Scientific classification
- Kingdom: Plantae
- Clade: Tracheophytes
- Division: Polypodiophyta
- Class: Polypodiopsida
- Order: Schizaeales
- Family: Lygodiaceae
- Genus: Lygodium
- Species: L. microphyllum
- Binomial name: Lygodium microphyllum (Cav.) R.Br.
- Synonyms: Lygodium scandens auct.; L. scandens (L.) Sw.; L. scandens var. intermedium Ces.; L. scandens var. microphyllum (Cav.) Luerss.; Ophioglossum filiforme Roxb.; Ugena microphylla Cav. (basionym);

= Lygodium microphyllum =

- Genus: Lygodium
- Species: microphyllum
- Authority: (Cav.) R.Br.
- Conservation status: LC
- Synonyms: Lygodium scandens auct., L. scandens (L.) Sw., L. scandens var. intermedium Ces., L. scandens var. microphyllum (Cav.) Luerss., Ophioglossum filiforme Roxb., Ugena microphylla Cav. (basionym)

Species of fern

Lygodium microphyllum (commonly known as, variously, climbing maidenhair fern, Old World climbing fern, small-leaf climbing fern, or snake fern) is a climbing fern originating in tropical Africa, Southeast Asia, Melanesia and Australia. It is an invasive weed in Florida where it invades open forest and wetland areas. The type specimen was collected in the vicinity of Nabúa, on the island of Luzon in the Philippines by Luis Née.

==Distribution==
Lygodium microphyllum is native to much of tropical Africa and South Africa; tropical Asia, including China, Ryukyu Islands of Japan; Australia; Fiji, the Mariana Islands and Caroline Islands.

Lygodium microphyllum has become naturalized in the Caribbean and South Florida.

== Effects on the environment ==
Lygodium microphyllum causes problems in the environments where it is invasive. The plant damages wetland ecosystems, harming endangered species. The ferns ability to grow up and over trees and shrubs and to form dense horizontal canopies allows it to cover whole communities of plants, reducing native plant diversity. Old World climbing fern can grow in many diverse ecosystems. Lygodium microphyllum poses problems for fires, both natural and man-made, because it can lead fire into the tree canopy, killing trees. The fern rapidly spread in South Florida's public conservation lands.

== Containment ==
Recently, the USDA approved the use of insects to keep the fern contained.
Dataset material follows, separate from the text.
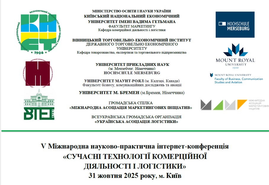 Запрошуємо взяти участь: V Міжнародна науково-практична інтернет-конференція «СУЧАСНІ ТЕХНОЛОГІЇ КОМЕРЦІЙНОЇ ДІЯЛЬНОСТІ І ЛОГІСТИКИ»30 Жовтня 2025р.![]() До участі в конференції запрошуються представники наукової та освітянської спільнот, державних установ, громадських організацій, професійних об’єднань та компаній різних ринків. Конференція відбудеться у формі відеоконференції 31 жовтня 2025р. Участь у конференції – безкоштовна. Мета конференції: об’єднати дослідників та спеціалістів для окреслення напрямів розвитку сучасних технологій комерційної діяльності і логістики в Україні та світі під впливом глобальних викликів (війна, пандемія) і регіональних особливостей діяльності компаній. Завдання конференції: · визначити ключові тренди розвитку комерційної діяльності та логістики в Україні та світі з врахуванням сучасних викликів; · забезпечити міжнародний обмін досвідом організації логістичних процесів на рівні підприємств в кризових умовах; · сформувати підхід до здійснення комерційних операцій у глобальному інформаційно-комунікаційному середовищі; · оцінити перспективи використання сучасних інформаційних рішень для оптимізації комерційних та логістичних процесів. Робота конференції планується за такими тематичними напрямами: СЕКЦІЯ 1. ПІДХОДИ ТА ІНСТРУМЕНТАРІЙ ЗАБЕЗПЕЧЕННЯ ЕФЕКТИВНОСТІ КОМЕРЦІЙНОЇ ДІЯЛЬНОСТІ Й ОРГАНІЗАЦІЇ ТОРГІВЕЛЬНИХ ОПЕРАЦІЙ 1. Глобальна комерційна діяльність та входження національних операторів на ринки ЄС. 2. IT тренди (діджиталізація) в комерційній діяльності компаній. 3. Розвиток форматів комерційної діяльності за сучасних умов. СЕКЦІЯ 2. ЛОГІСТИЧНИЙ МЕНЕДЖМЕНТ В РОЗВИТКУ СУЧАСНИХ КОМПАНІЙ ТА ЇХ ОБ’ЄДНАНЬ 1. Інтегровані ланцюги постачання як складова безпеки національного та регіонального рівнів. 2. Забезпечення стійкості транспортно-логістичних компаній України. 3. Державне регулювання та підтримка логістичних і комерційних компаній України. СЕКЦІЯ 3. БІЗНЕС-МОДЕЛІ СУЧАСНОГО ПІДПРИЄМНИЦТВА 1. Розвиток підприємництва в період воєнного стану. 2. Ризик-менеджмент і забезпечення сталого розвитку підприємств. 3. Маркетингове забезпечення ефективного розвитку національних виробників. Робочі мови конференції: українська, англійська. Для участі у конференції до 23 жовтня 2025 року необхідно: · Заповнити он-лайн заявку на участь у конференції та прикріпити в форму тези доповідей:https://forms.gle/eVf3BTvJEofBVqbQ6 · Продублювати на скриньку logistics.kneu@gmail.com тези доповіді (із обов’язковим зазначенням в темі листа: «Конференція_2025_Прізвище»). |

Insects (Austromusotima camptozonale, Neomusotima conspurcatalis) and mites (Floracarus perrepae) have been released in several state parks to control the fern. Although some populations were devastated by a bout of cold weather, recently, reports of new activity have been made.

==Ethnobotany==
Lygodium microphyllum has been used locally in folk medicine to treat skin ailments and problems, swelling and dysentery.

==Other uses==
Lygodium microphyllum fibers (as well as other species of Lygodium), known as nito, are used to weave traditional salakot hats in the Philippines.